When the BBC hired a pretty young actress to co-host a daily program for toddlers, it never expected viewers to complain that the young woman might give their children nightmares.
“I didn’t want to let my children watch the filler bits on the bedtime hour last night because I know it would have played on my eldest daughter’s mind and possibly caused sleep problems,” wrote one viewer in an e-mail to the British television network after seeing Cerrie Burnell play games and read children’s stories.
The viewer’s problem? Burnell was born with an incomplete right arm that ends in a stump below her elbow.
According to a BBC report, most viewers have been supportive of Burnell, who took over a daily slot on the BBC’s children’s network, CBeebies, at the beginning of February with Alex Winters. But a handful have written to the station complaining about her disability. Some say she may frighten the children. Others accuse the network of going overboard in the interests of diversity. Some say they don’t want to have to address such issues with very young children.
Burnell, who has a 4-month-old daughter, seems unfazed by the controversy. “Children come up to me in the street every day and say ‘What’s that?’ I wouldn’t say they’re frightened but certainly they’re inquisitive,” she told BBC magazine. “I would always take the time to explain to a child. All they want is an explanation. They want to know ‘What’s that?’ and ‘What’s happened?’ and ‘Why are you different?’ And then they will move on.”
Barbara Otto, the executive director of Health & Disability Advocates, a national American organization that lobbies, said in a phone interview that she would be surprised if a person like Burnell caused a similar reaction in the United States.
The Americans with Disabilities Education Act has mainstreamed as many disabled children as possible into regular schools. “We have community inclusion of people with disabilities,” she said. “Kids are going to school with people with different abilities. In the United States, this would be unheard of.”
In England, experts have noted that small children do not normally have difficulty dealing with people who are different. Where adults may turn their heads away from someone in a wheelchair, toddlers will walk right up to them and ask them about their chair. They don’t ask what’s wrong, but rather what it is.

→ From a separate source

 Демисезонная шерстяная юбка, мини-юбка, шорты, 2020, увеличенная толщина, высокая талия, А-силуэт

“They acknowledge it, they don’t look away,” Otto said of small children. “They ask what happened, not out of horror or disgust or fear. The want to know what happened. A responsible adult tells them: ‘Here’s what the situation is.’”
Are adults the problem?
England has non-discrimination laws similar to those in America. The problem isn’t with kids but with adults, Sir Bert Massie of Great Britain’s Equality and Human Rights Commission told the BBC.

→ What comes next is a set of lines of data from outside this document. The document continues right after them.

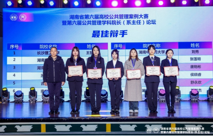 2023年12月2日-3日,由湖南省教育厅主办、湖南大学研究生院、湖南大学公共管理学院承办的湖南省第六届高校公共管理案例大赛暨第六届公共管理学科院长(系主任)论坛在湖南大学大礼堂顺利举办并圆满落幕。我院敖洁教授指导的研究生王梦晗、石璐青、张晗、刘雅杰组成的筑梦乡村团队,经过激烈的角逐,以扎实的学术功底和良好的专业素养荣获湖南省第六届高校公共管理案例大赛三等奖,团队成员王梦晗获“最佳辩手”荣誉称号,XK星空获评“优秀组织单位”。
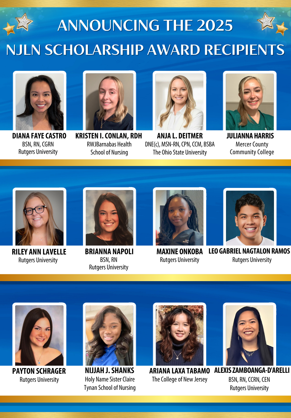 Below are the 2025 NJLN Scholarship Awards Each in the amount of $1,000 to be presented on November 7, 2025, during our 2025 NJLN Nurse Recognition and Scholarship Awards event at the Pines Manor.
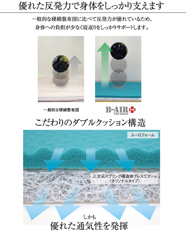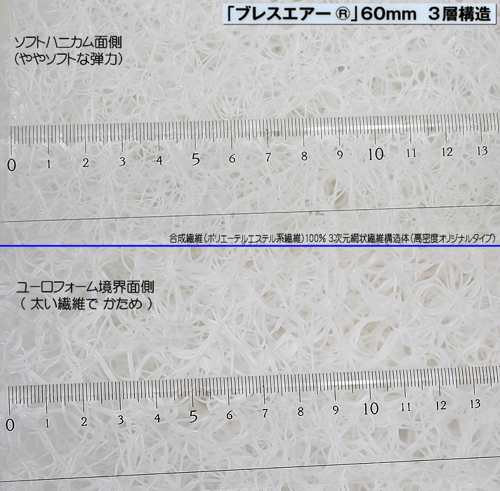 厳選されたヨーロッパ大手ユーロフォーム社製の高弾発性ウレタンフォーム(ユーロフォーム)と国内大手東洋紡の三次元スプリング構造体ブレスエアー(高密度オリジナル)を使用し、眠りにこだわる匠(工場職人)たちが厳しい目でチェックし手作業で製品を仕上げています。また、デザインや側生地にもこだわり、一年通して快適にご使用いただける寝具になりました。
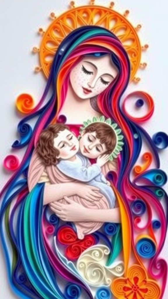 Vibrant paper quilling art of the Virgin Mary cradling baby Jesus, filled with an array of vivid colors and intricate swirling patterns.

“I think what’s happening is a number of adults do have prejudices, do have very negative views about disabled people, and instead of admitting the views are their own, they’re projecting them on to their children and saying the children are doing this,” he is quoted as saying.
Otto agreed. “It’s the adults,” she said, noting that Baby Boomers were raised in an era when the disabled were excluded from mainstream society. “People with disabilities were ‘the others.’ They were went away to live in institutions. A lot of that changed starting in the 1970s and 80s. It’s an old-fashioned notion.”
Otto said the reaction to Burnell is symptomatic of a larger issue some parents today are trying to cope with.
“This situation really speaks to an issue we’re seeing in parenting today,” Otto said. “Given the challenges of being a parent and the inability to control what our kids are exposed to, some parents are having a real drastic reaction. Maybe this is a part of it. Some people strive to shelter their children as long as they can. I suppose you see that everywhere. You see people home-school their kids because they don’t want them in an environment where they can’t control what they’re doing every minute of the day.”
Although the target of complaints, Burnell did not attempt to tell parents how to raise their children. “I’d never comment on anyone’s parenting or the time for them to have a discussion with their child about disabilities,” she told the BBC. “It’s a totally personal thing and people have to do it when they feel comfortable to do it. But I would just hope that, I guess, me being on CBeebies would present an opportunity for them to do that in the comfort of their own home.”